WHAT YOU WILL DO
When you copy from the entries that follow, take only the lines from the one with "Y ponte estos" down to the one with "肉松炒至较干松散的加入海苔碎拌均匀。", keeping both ends and dropping every picture.

DATA FOR ANALYSIS
######

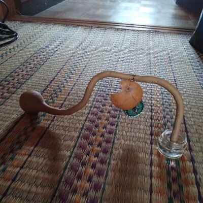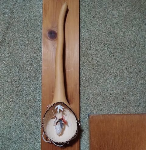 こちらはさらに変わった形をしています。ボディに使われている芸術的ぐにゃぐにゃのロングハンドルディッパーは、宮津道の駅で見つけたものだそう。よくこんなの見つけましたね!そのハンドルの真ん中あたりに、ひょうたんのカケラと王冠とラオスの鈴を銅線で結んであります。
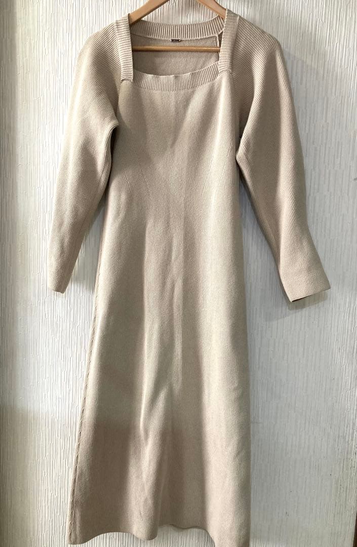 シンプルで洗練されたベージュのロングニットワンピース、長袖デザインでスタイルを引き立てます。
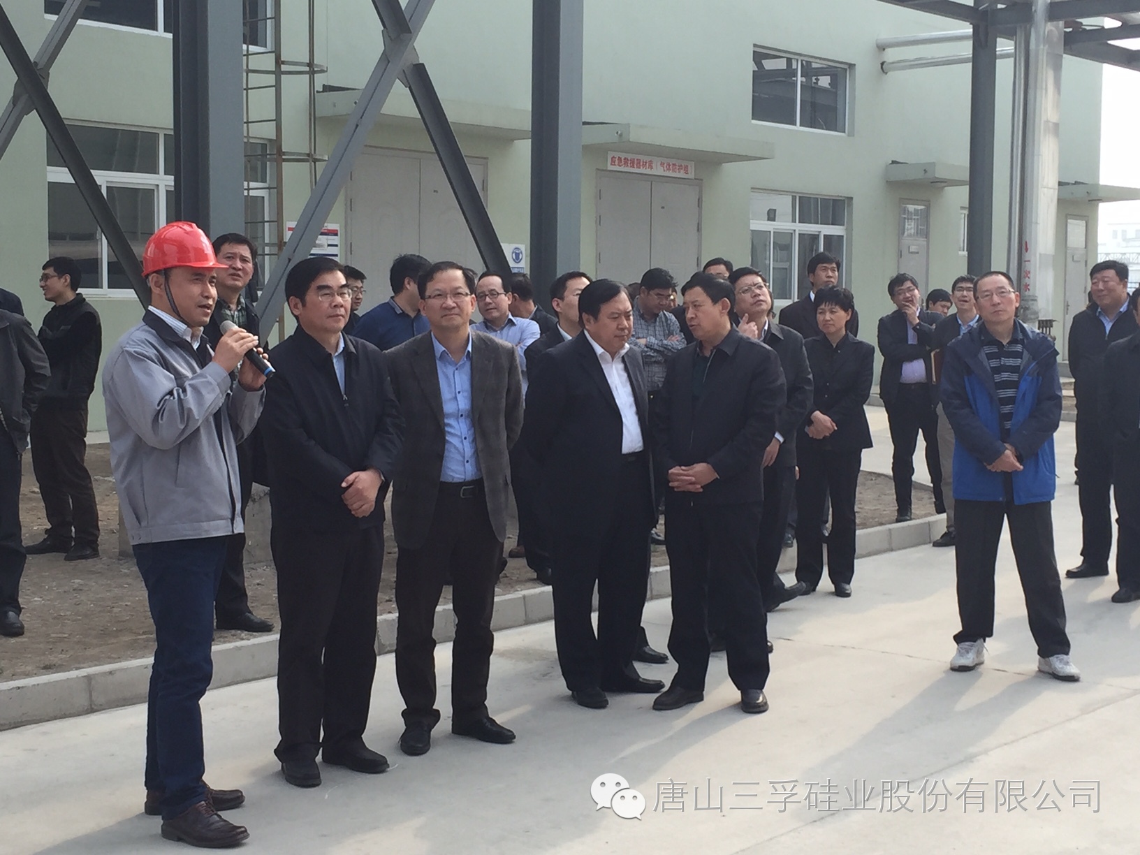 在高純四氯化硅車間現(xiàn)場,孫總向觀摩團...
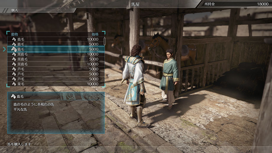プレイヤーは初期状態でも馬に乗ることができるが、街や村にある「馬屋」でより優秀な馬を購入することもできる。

######

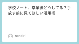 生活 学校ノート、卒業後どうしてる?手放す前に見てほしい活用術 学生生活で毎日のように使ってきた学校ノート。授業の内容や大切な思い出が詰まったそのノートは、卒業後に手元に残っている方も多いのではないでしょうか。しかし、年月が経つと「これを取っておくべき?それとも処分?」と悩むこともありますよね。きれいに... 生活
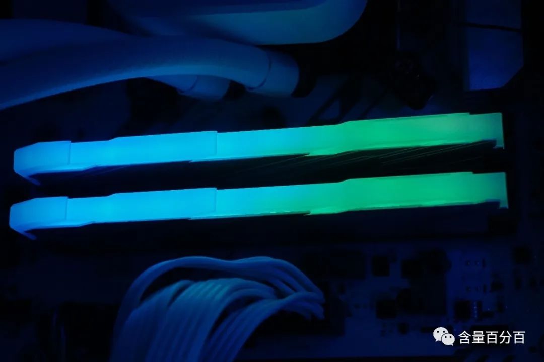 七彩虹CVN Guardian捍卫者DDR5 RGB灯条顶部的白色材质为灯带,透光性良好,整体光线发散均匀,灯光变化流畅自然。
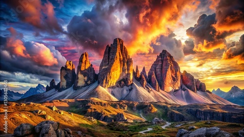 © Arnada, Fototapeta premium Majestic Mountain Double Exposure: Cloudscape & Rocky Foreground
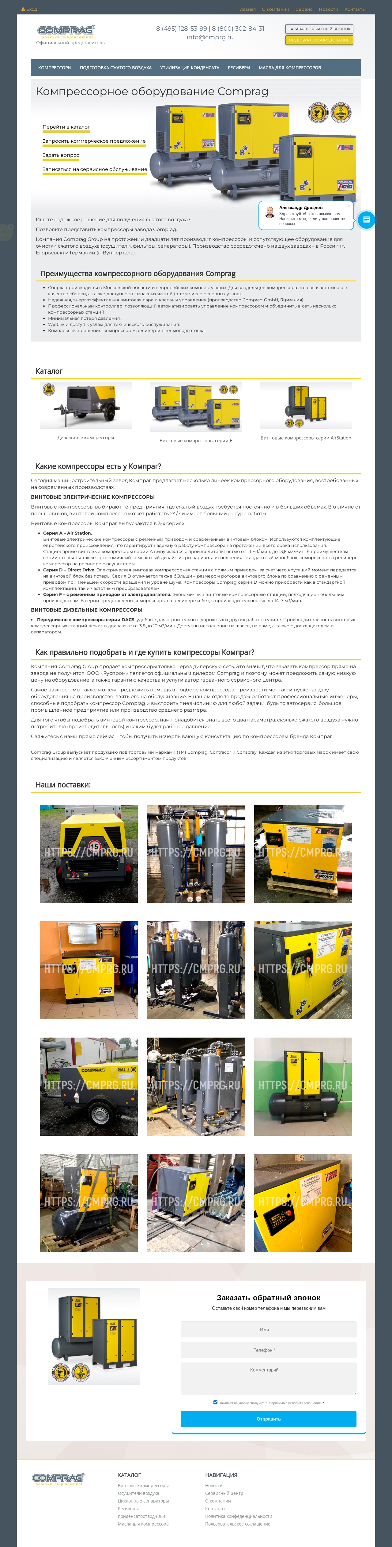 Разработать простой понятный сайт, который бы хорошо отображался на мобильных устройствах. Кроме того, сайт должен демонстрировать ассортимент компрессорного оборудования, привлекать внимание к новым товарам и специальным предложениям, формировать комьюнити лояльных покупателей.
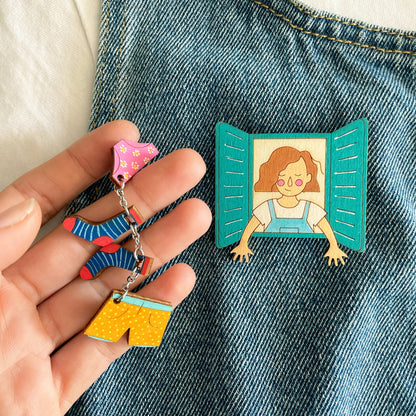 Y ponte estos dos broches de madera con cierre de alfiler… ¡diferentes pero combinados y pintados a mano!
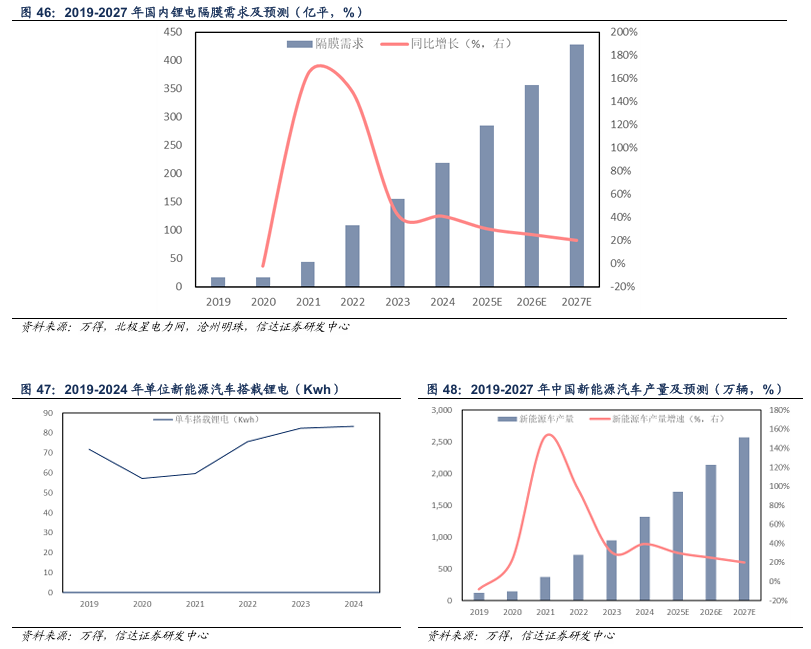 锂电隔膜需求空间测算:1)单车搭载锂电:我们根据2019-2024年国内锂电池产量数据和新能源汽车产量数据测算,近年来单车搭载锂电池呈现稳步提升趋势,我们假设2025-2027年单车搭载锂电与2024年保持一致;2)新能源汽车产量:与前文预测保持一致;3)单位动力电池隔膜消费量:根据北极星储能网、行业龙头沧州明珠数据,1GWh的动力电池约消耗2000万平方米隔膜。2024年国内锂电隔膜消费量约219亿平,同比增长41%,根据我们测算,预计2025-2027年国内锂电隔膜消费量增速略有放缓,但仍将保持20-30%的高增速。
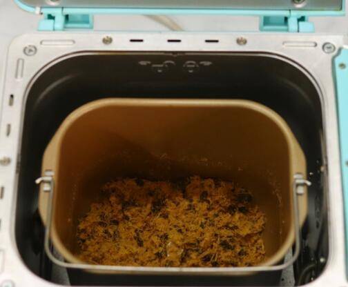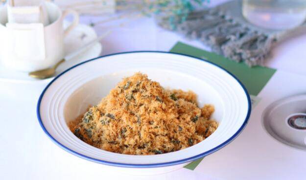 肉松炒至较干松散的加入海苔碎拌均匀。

######

ANSWER TO THIS PROBLEM
 Y ponte estos dos broches de madera con cierre de alfiler… ¡diferentes pero combinados y pintados a mano!
 锂电隔膜需求空间测算:1)单车搭载锂电:我们根据2019-2024年国内锂电池产量数据和新能源汽车产量数据测算,近年来单车搭载锂电池呈现稳步提升趋势,我们假设2025-2027年单车搭载锂电与2024年保持一致;2)新能源汽车产量:与前文预测保持一致;3)单位动力电池隔膜消费量:根据北极星储能网、行业龙头沧州明珠数据,1GWh的动力电池约消耗2000万平方米隔膜。2024年国内锂电隔膜消费量约219亿平,同比增长41%,根据我们测算,预计2025-2027年国内锂电隔膜消费量增速略有放缓,但仍将保持20-30%的高增速。
 肉松炒至较干松散的加入海苔碎拌均匀。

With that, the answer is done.